You must take these limits into account, so that your jobs don’t get killed as you reach the limit.
$ vi sim.submit
Universe = vanilla
Executable = sim
Output = sim.out
Log = sim.log
Error = sim.err
GetEnv = True
Queue
Do not forget “GetEnv” to load your environment!
$ condor_submit sim.submit
$ condor_q
The real benefit of Condor comes from managing 1000s of jobs.
$ vi sim.submit
Executable = sim
getenv = True
Input = sim.$(PROCESS)
Output = sim.$(PROCESS)
Log = sim.log
Error = sim.err
Queue 1000
Executable = sim
getenv = True
Arguments = $(PROCESS)`
Output = sim.$(PROCESS)
Log = sim.log
Error = sim.err
Queue 1000
Will execute 1000 processes with the process id as a parameter: sim 0, sim 1, sim 2, … , sim 999
If you need to change multiple arguments, you can set the shared parameters at the beginning and change the required parameters
Executable = sim
getenv = True
Output = sim.$(PROCESS)
Log = sim.log
Error = sim.err
Arguments = a
Output = a.out
Queue
Arguments = b
Output = b.out
Queue`
Arguments = c
Output = c.out
Queue
Will execute 3 processes with the selected parameters: sim a, sim b, sim c and will output to a.out, b.out, c.out respectively.
If you have many parameter combinations, we suggest you generate this condor file with a script.
getenv = True
This parameter shares the local environmental variables with the remote environment. This is useful if you want to share global library paths.
initialdir = <path>
Sets the base execution path of the execution. Useful to reference files with relative paths.
Requirements = (Machine == "compute-0-1.local")
Restricts the job to run on machines that satisfy the requirement. On this example, the jobs will only be deployed to compute-0-1.
Here you can find information regarding managing GPUs in Condor.
When launching a job, if you need a GPU, you can specify that in your condor submit file with:
request_GPUs = 1
To check the status of Condor slots and check how many GPUs are in available/in use, you can use condor_status
:
$ condor_status -af Machine Gpus RemoteUser State
You can adapt the following example of a .submit file, to use your Python environment.
Edit a .submit file:
$ vi example.submit
It should look like this:
Universe = vanilla
Executable = /home/myusername/.conda/envs/myenv/bin/python
Arguments = your_script.py
getenv = True
Transfer_executable = False
Initialdir = /home/myusername/ # Point to the base folder of your code (i.e. the your_script.py file)

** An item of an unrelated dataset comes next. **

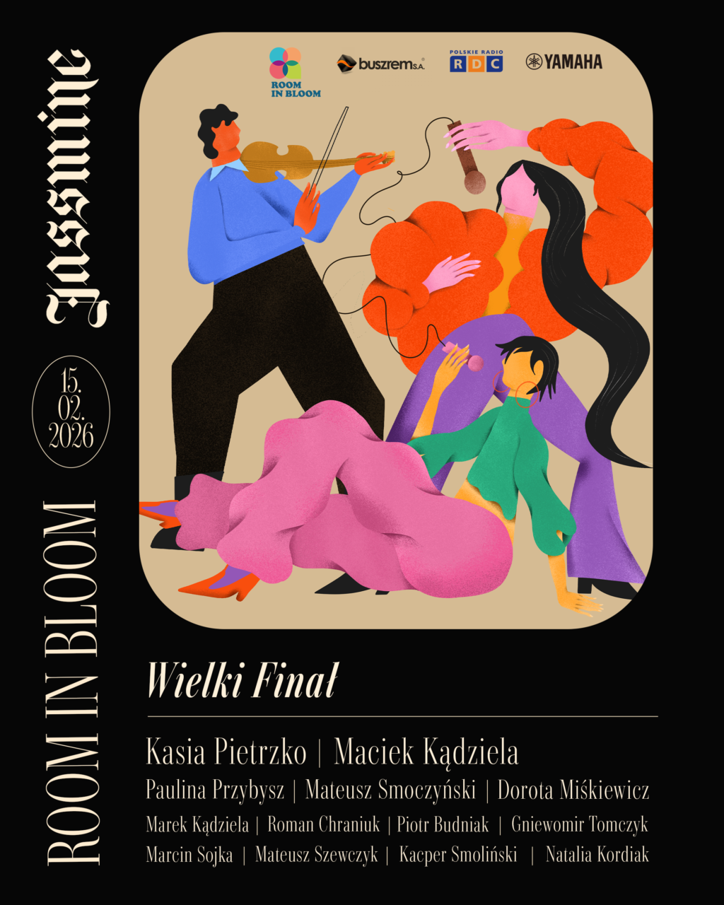 Wielki finał Room in Bloom to jednorazowe, niepowtarzalne wydarzenie, będące kulminacją idei twórczych spotkań bez barier Uważnego słuchania i wspólnoty, która narodziła się podczas całego cyklu. 15 lutego scena Jassmine stanie się przestrzenią spotkania artystów reprezentujących różne estetyki, temperamenty i muzyczne języki – połączonych improwizacją, otwartością i jazzowym rodowodem.

Log = /home/myusername/condor_test.log.$(PROCESS)
Output = /home/myusername/condor_test.out.$(PROCESS)
Error = /home/myusername/condor_test.err.$(PROCESS)

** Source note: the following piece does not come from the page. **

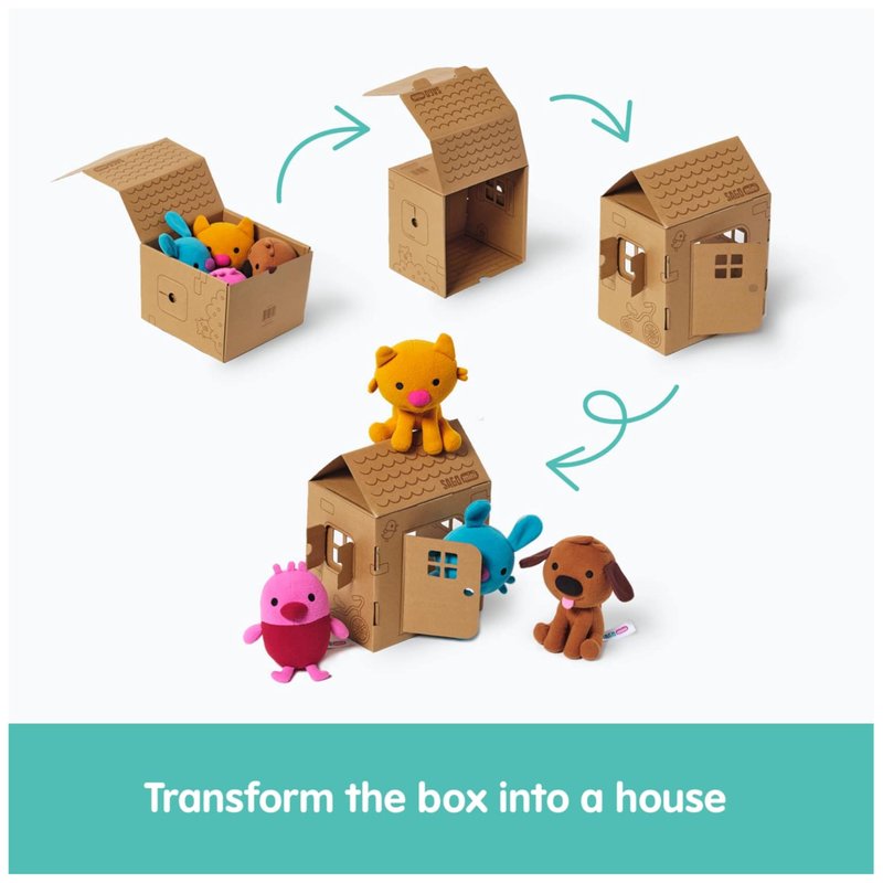 - AMAZING STORYTELLING: Unpack each plushie from the gift box & follow the perforations to transform the package into a cardboard dollhouse, then decorate & use it for creative pretend play adventures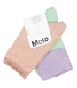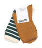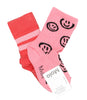 Two pairs of ribbed socks. One pair is in pink with a smiley face print and the other is in red with pink stripes. This product is Oeko-Tex certified.

request_GPUs = 1 # If you need a GPU, you must specify it
Queue 1
The important parts are:
Some users may have problems using option #1. Alternatively, we can define a bash script that will call Python. This option provides more flexibility since you can run any command before and after executing your Python script (e.g. copying output files to a given folder).
First create a bash script that will invoke Python:
$ touch example.sh # Note the .sh extension
Add the following lines to the .sh file:
#!/bin/bash
# Setup anaconda
. /share/apps/anaconda3/2019.10/etc/profile.d/conda.sh
conda activate myenv
python your_script.py
Next, create the .submit file:
$ vi example_bash.submit
It should look like this:
Universe = vanilla
Executable = /bin/bash
Arguments = example.sh
getenv = True
Transfer_executable = False
Initialdir = /home/myusername/ # Point to the base folder of your code (i.e. the your_script.py file)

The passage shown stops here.